Applicable laws and regulations set requirements for the monitoring and assessment of as well as the decision-making concerning related party transactions and the disclosure of executed related party transactions.
Generally, the Company’s transactions with its related parties are part of the Company’s ordinary course of business and carried out according to the same criteria and terms as those of comparable transactions with other parties of similar standing. The decision-making processes have furthermore been structured in order to avoid conflicts of interest and to comply with the statutory decision-making requirements.
The Company has defined its related parties in accordance with the applicable laws and regulations and keeps an up-to-date record of its related parties. Relevant internal stakeholders, such as customer responsible units, other relevant business units and Group functions, are informed of the list of related parties and the related restrictions in order to monitor transactions with such parties.

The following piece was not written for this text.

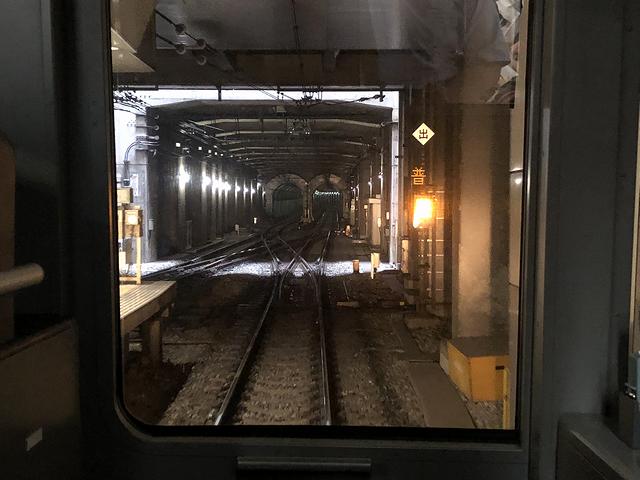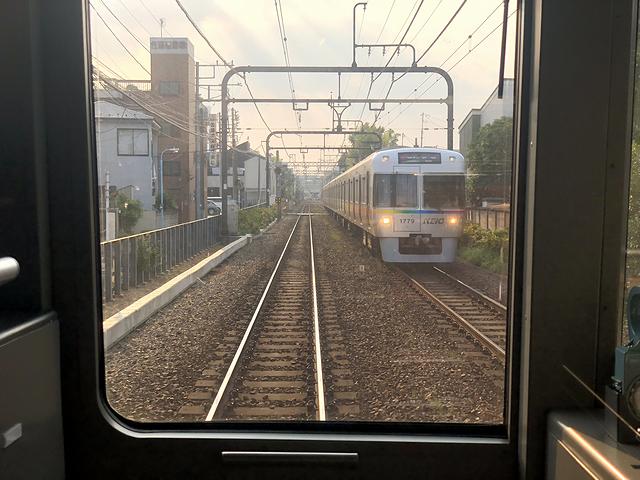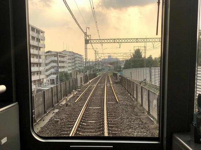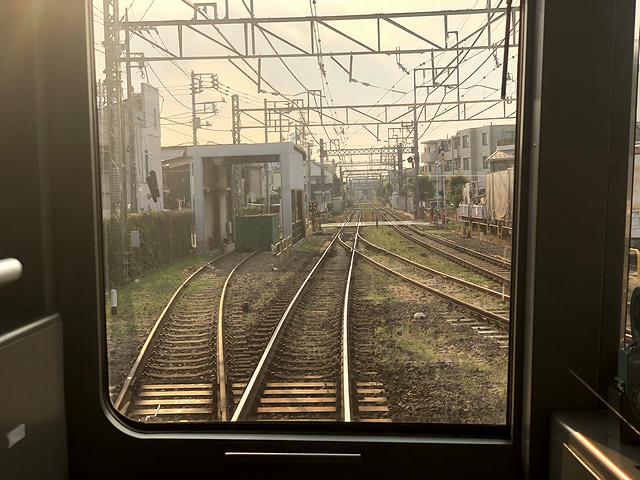 それで先発の急行(16時36分発)ではなく、次発各停の(16時37分発)に乗車する事に。ちなみに、井の頭線で使用されている車両は、全て京王1000形という形式で、製造時期が平成7年(1995年)から平成22年(2010年)と長きにわたっているために細部が違っていたりするのですが、今回乗車する1734Fという編成は、その最終編成に当たるそうで。で、運転席直後の特等席が空いていたので、吉祥寺駅までたかだか30分ということもあり、その特等席に立って前方の景色を眺める事にしました。

Nordea is also bound by applicable close circle rules and has processes in place for identifying the persons belonging to the close circle of Nordea and for ensuring that any credits and comparable financing granted to such persons as well as any investments in an entity belonging to the close circle are granted in accordance with applicable laws and rules.
Pursuant to the Company’s Conflict of Interest Policy, employees, management and the members of the Board must not handle matters on behalf of Nordea in cases where they or a closely associated person or company may have an interest that conflicts with the interests of Nordea or its customers. Nordea’s business areas and Group functions are obliged to identify, prevent and manage actual and potential conflicts of interest.

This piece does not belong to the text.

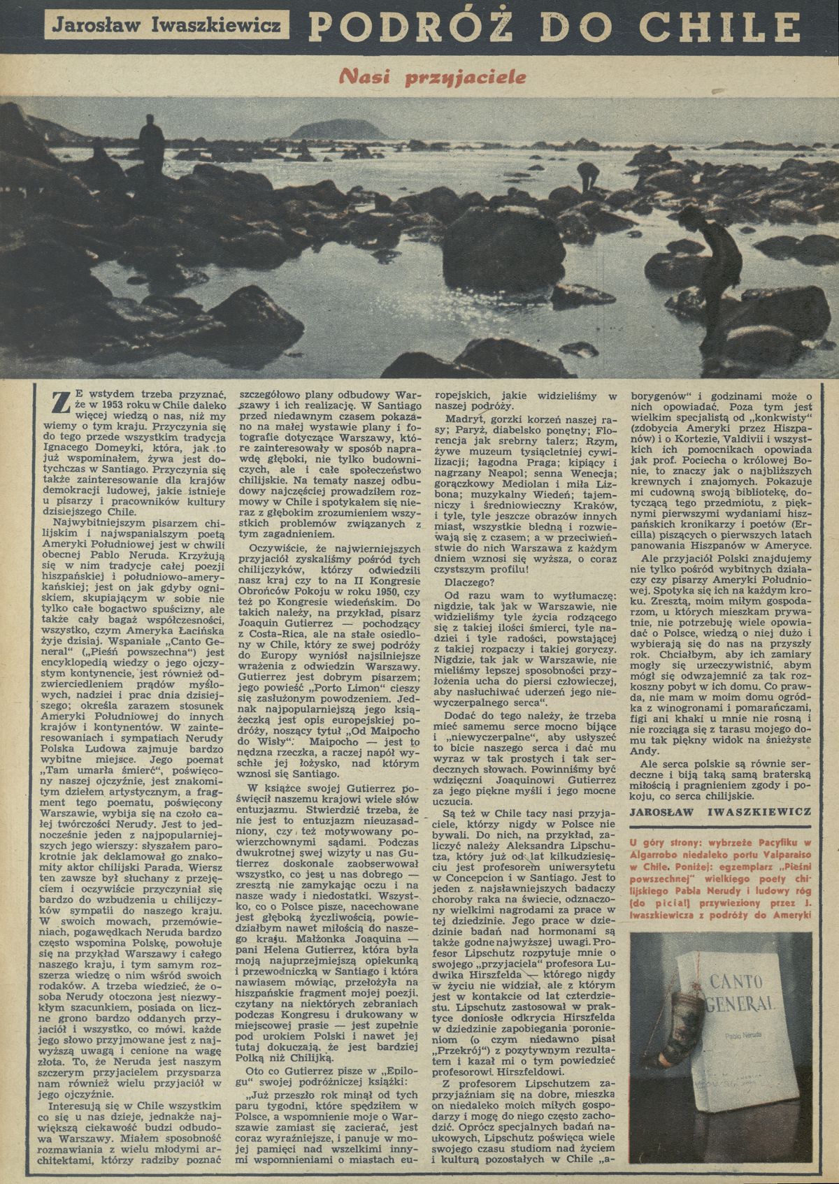 Archiwum / Reportaż nr 427 (24/1953) 2/2 Podziel się Tytuł Podróż po Chile. Nasi przyjaciele Autor Jarosław Iwaszkiewicz Kategoria Reportaż Artykuł z numeru 427 (24/1953) Data wydania 14 czerwca 1953

The Board has the ultimate responsibility for ensuring proper processes for the identification, reporting and supervision of related party transactions as well as the proper decision-making in this respect. The Board Audit Committee must assist the Board in monitoring and assessing how related party transactions meet the requirements of ordinary activities and the arm’s length terms.

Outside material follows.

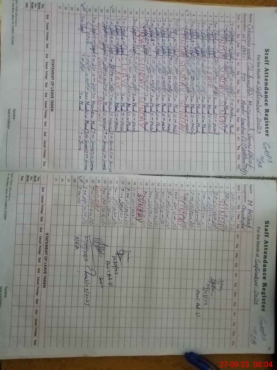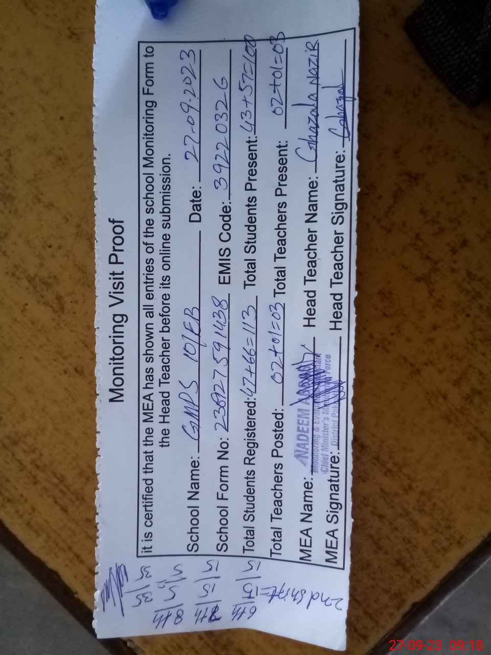 | Attendance Register | Head Teacher | MEA with School | Visit Proof |

Related party transactions that are not part of the Company’s ordinary course of business or are made in deviation from customary commercial terms require a decision by the Board for the related party transaction to be carried out, unless otherwise required by applicable laws and regulations. In respect of such related party transactions the Board must ensure that:
(i) the relevant transactions have been appropriately identified, reported, and controlled
(ii) the Conflict of Interest Policy has been carefully considered in the preparation and decision-making process and
(iii) the preparation of related party transactions includes adequate reports, statements and/or assessments. Furthermore, Nordea publicly discloses its related party transactions in accordance with applicable laws and regulations.